RECORDS SHOWN →
____________________
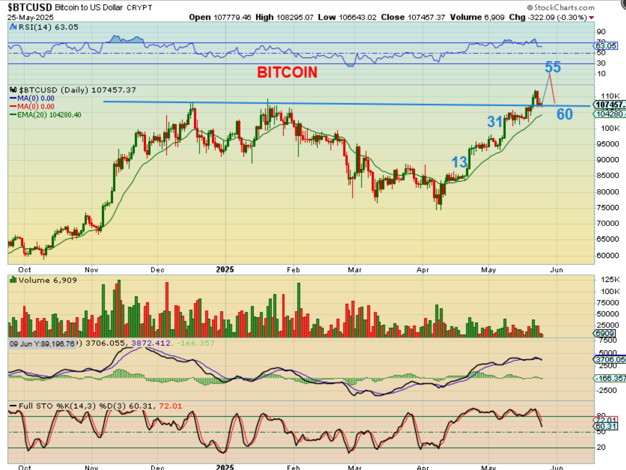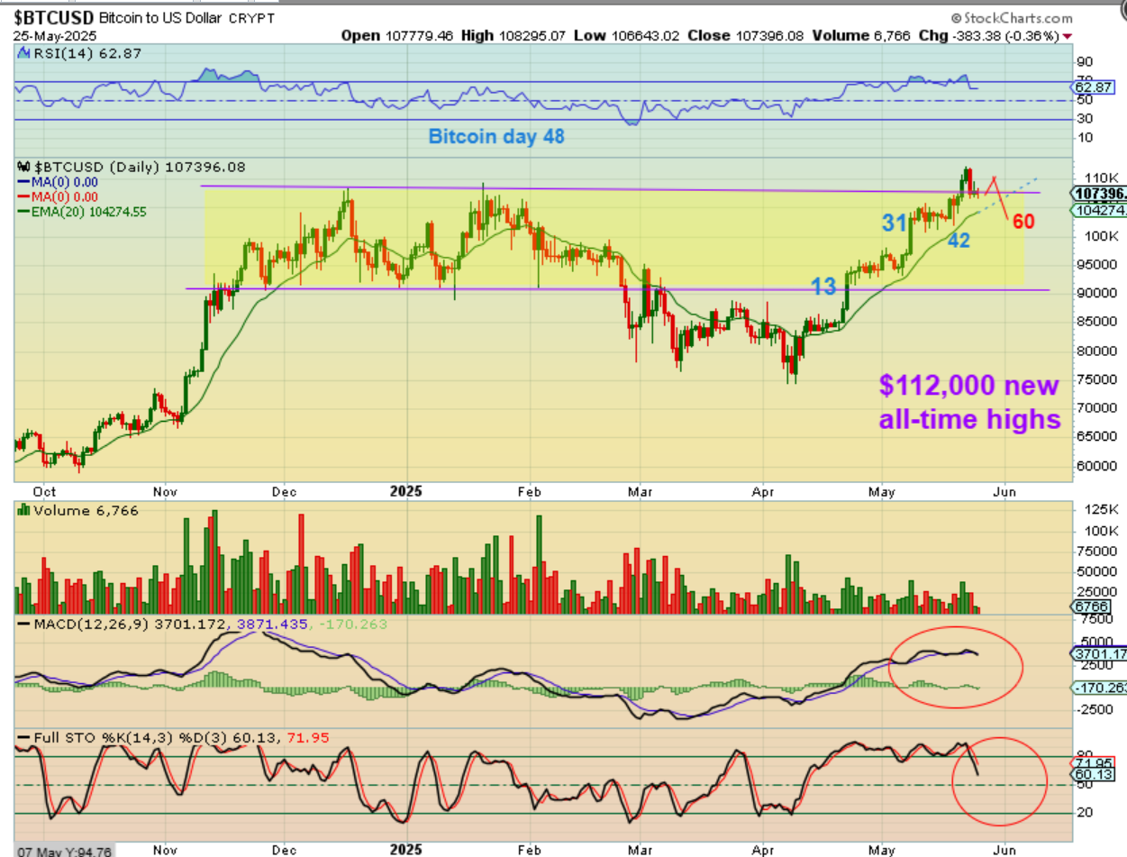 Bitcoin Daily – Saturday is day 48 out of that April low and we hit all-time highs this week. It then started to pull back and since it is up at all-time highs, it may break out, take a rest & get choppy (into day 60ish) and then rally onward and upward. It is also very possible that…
____________________
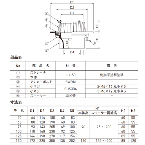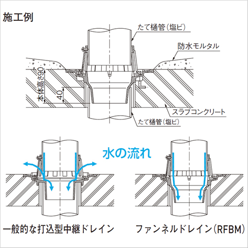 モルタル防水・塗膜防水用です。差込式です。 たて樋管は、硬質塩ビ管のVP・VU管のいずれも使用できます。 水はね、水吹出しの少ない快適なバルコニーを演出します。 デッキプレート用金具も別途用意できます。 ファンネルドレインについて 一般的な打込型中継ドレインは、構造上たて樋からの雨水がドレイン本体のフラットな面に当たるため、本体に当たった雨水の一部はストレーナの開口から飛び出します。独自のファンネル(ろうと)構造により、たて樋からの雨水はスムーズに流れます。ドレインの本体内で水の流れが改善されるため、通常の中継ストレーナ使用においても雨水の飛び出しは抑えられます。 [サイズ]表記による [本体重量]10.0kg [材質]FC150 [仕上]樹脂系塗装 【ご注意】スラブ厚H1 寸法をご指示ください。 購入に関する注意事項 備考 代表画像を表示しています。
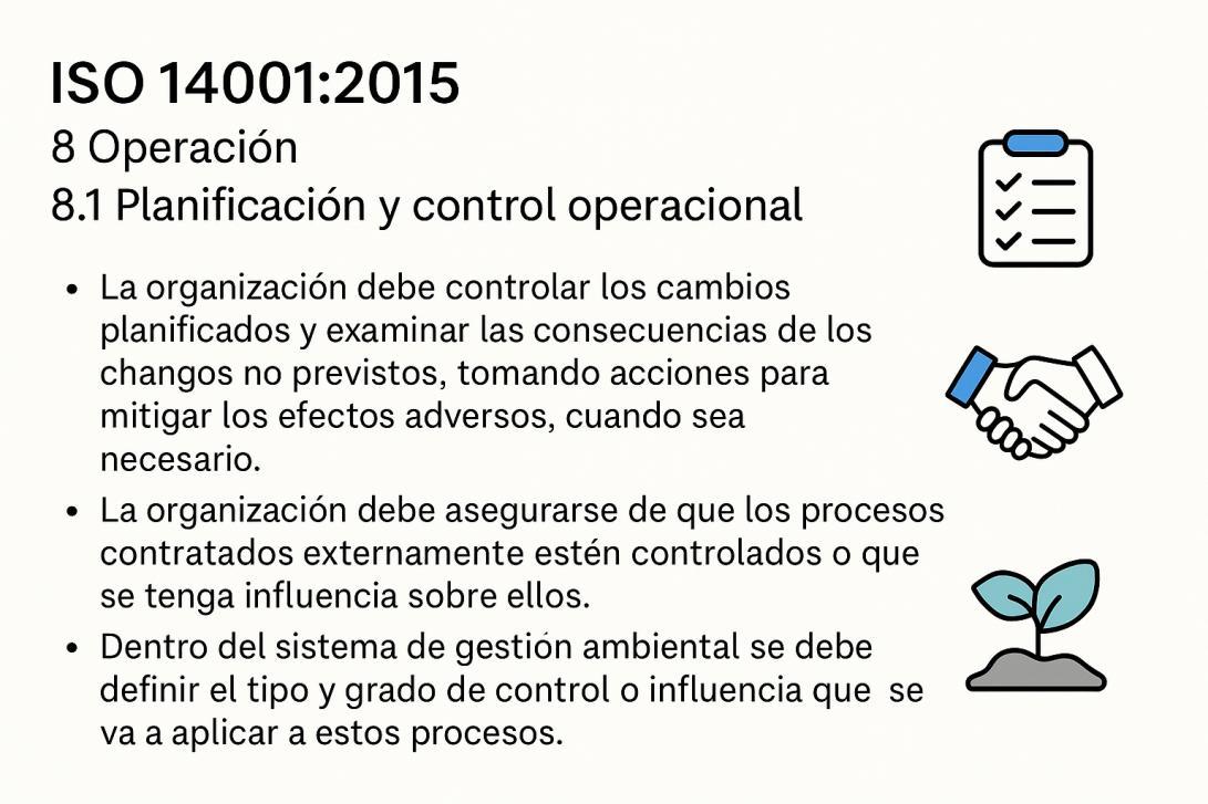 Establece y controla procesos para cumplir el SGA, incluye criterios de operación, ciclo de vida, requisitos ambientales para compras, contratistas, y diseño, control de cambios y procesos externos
____________________
PROBLEM DETAILS →
Above are some entries; copy exactly the lines from the line with "購入に関する注意事項 備考 代表画像を表示しています。" through the line with "Establece y controla", both included, but none of the pictures.

SOLUTION →
 モルタル防水・塗膜防水用です。差込式です。 たて樋管は、硬質塩ビ管のVP・VU管のいずれも使用できます。 水はね、水吹出しの少ない快適なバルコニーを演出します。 デッキプレート用金具も別途用意できます。 ファンネルドレインについて 一般的な打込型中継ドレインは、構造上たて樋からの雨水がドレイン本体のフラットな面に当たるため、本体に当たった雨水の一部はストレーナの開口から飛び出します。独自のファンネル(ろうと)構造により、たて樋からの雨水はスムーズに流れます。ドレインの本体内で水の流れが改善されるため、通常の中継ストレーナ使用においても雨水の飛び出しは抑えられます。 [サイズ]表記による [本体重量]10.0kg [材質]FC150 [仕上]樹脂系塗装 【ご注意】スラブ厚H1 寸法をご指示ください。 購入に関する注意事項 備考 代表画像を表示しています。
 Establece y controla procesos para cumplir el SGA, incluye criterios de operación, ciclo de vida, requisitos ambientales para compras, contratistas, y diseño, control de cambios y procesos externos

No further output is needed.